Subject: Re: Encoding of doulbes by xdr
To: None <current-users@NetBSD.ORG>
From: der Mouse <mouse@Collatz.McRCIM.McGill.EDU>
Date: 03/24/1995 14:11:06
[trouble with xdr and doubles]
> char *xdr_buffer=NULL;
> XDR xdrs;
> int nbytes=sizeof(double);
> xdr_buffer = (char*)malloc(nbytes);
> xdrmem_create(&xdrs, xdr_buffer, nbytes, XDR_ENCODE);
> xdr_double(&xdrs, &x);
There's a bug here, though since it is latent on most current machines
it is extremely unlikely to be your problem.
The bug is that sizeof(double) is not necessarily the right number of
bytes for an XDR-encoded double. The whole point of XDR is that the
encoding (viewed as an octet stream) is independent of the
architecture...and thus you should be allocating 8 bytes (I assume - I
don't know enough about XDR to be sure), not sizeof(double) bytes.

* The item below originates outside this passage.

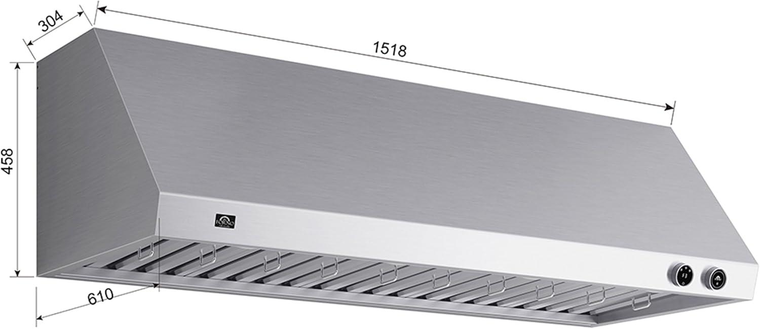 Durable Stainless-Steel Construction – Built from premium stainless steel, the FORNO Biagio 60'' range hood offers lasting durability and corrosion resistance. Its sleek finish complements modern kitchen designs while withstanding daily use. The sturdy material ensures long-term reliability and easy cleaning for a consistently polished appearance.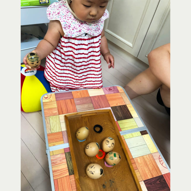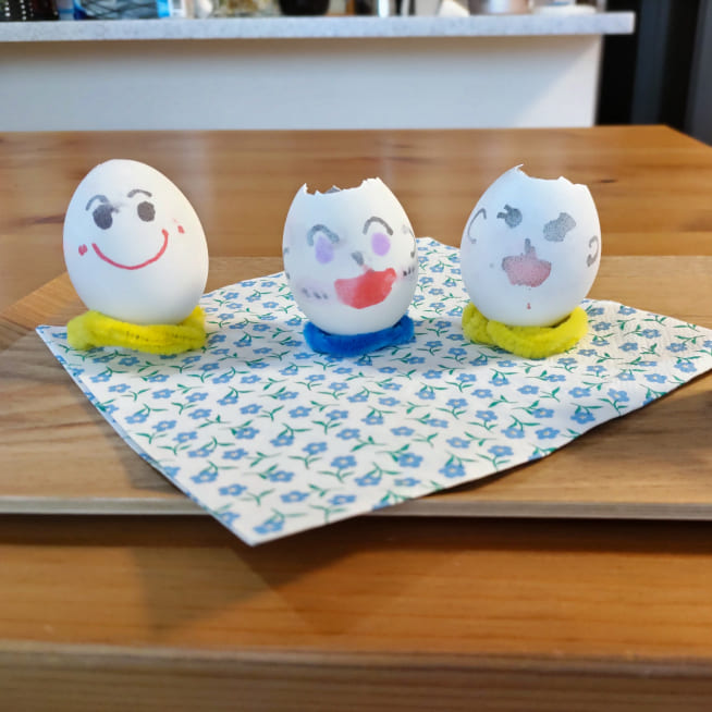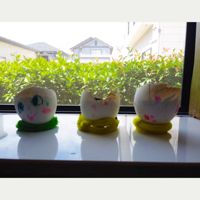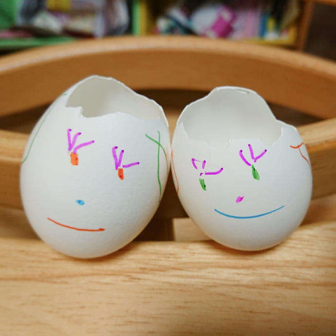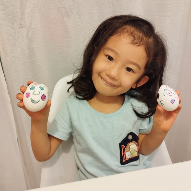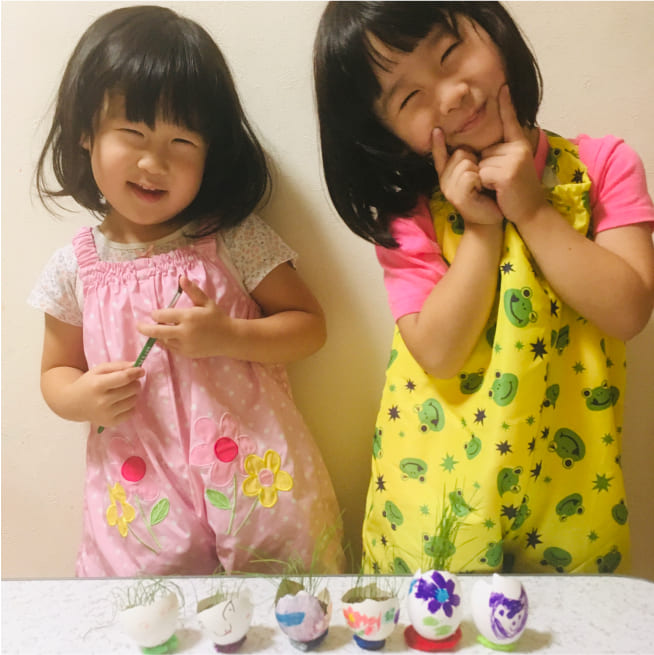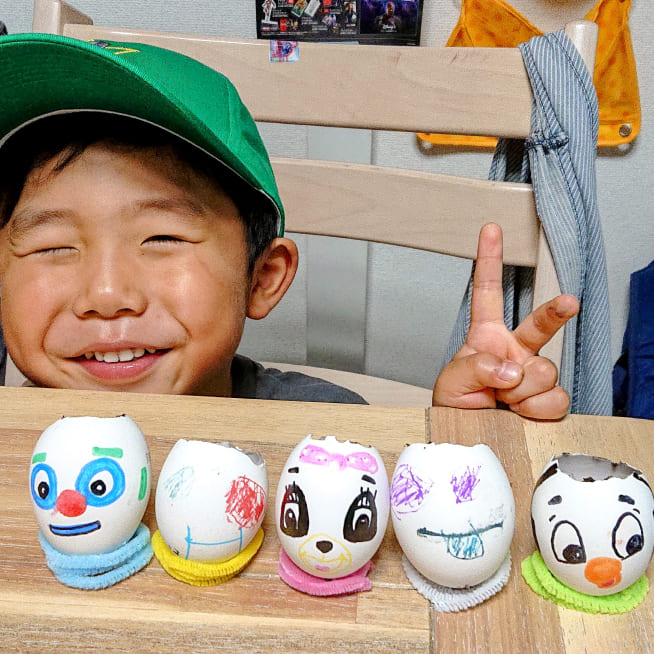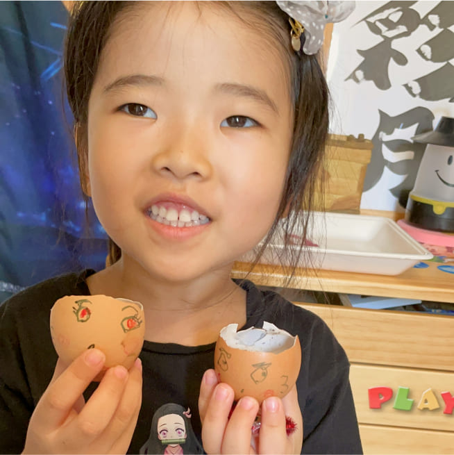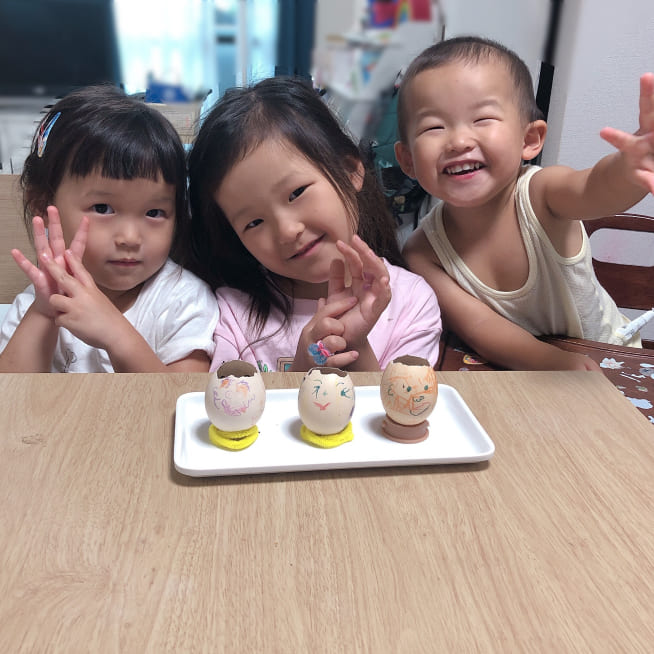 卵の殻の大きさに合わせて、妹、お父さん、お母さんと考えて顔を描いていました。

The reason I say it's extremely unlikely to be your problem is that on
most current machines, sizeof(double) does happen to be 8.

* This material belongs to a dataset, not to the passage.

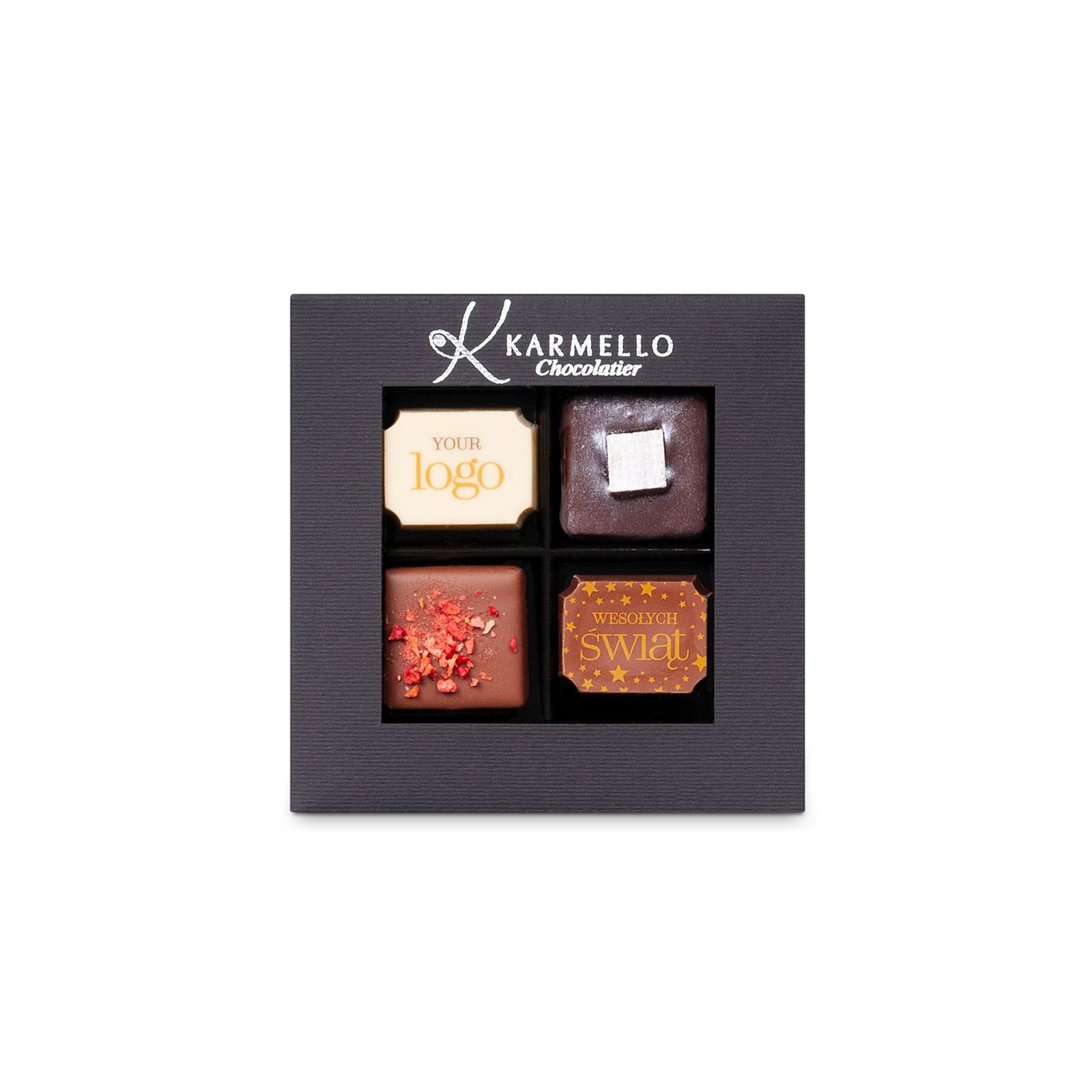 K22/23 COLLECTION OF 4 PRALINES WITH LOGO AND 'MERRY CHRISTMAS’

Actually, you want to allocate enough space to hold 8 generated octets.
Computing the value to pass to malloc gets more complicated if you want
to make it fully correct even on machines where char != octet. You
have to know how the XDR library packs octets into chars to compute
this value; on a machine with 8-bit chars, you're probably safe in
assuming the trivial packing. Mind you, I personally probably wouldn't
worry about this, though I would about the sizeof(double) point above.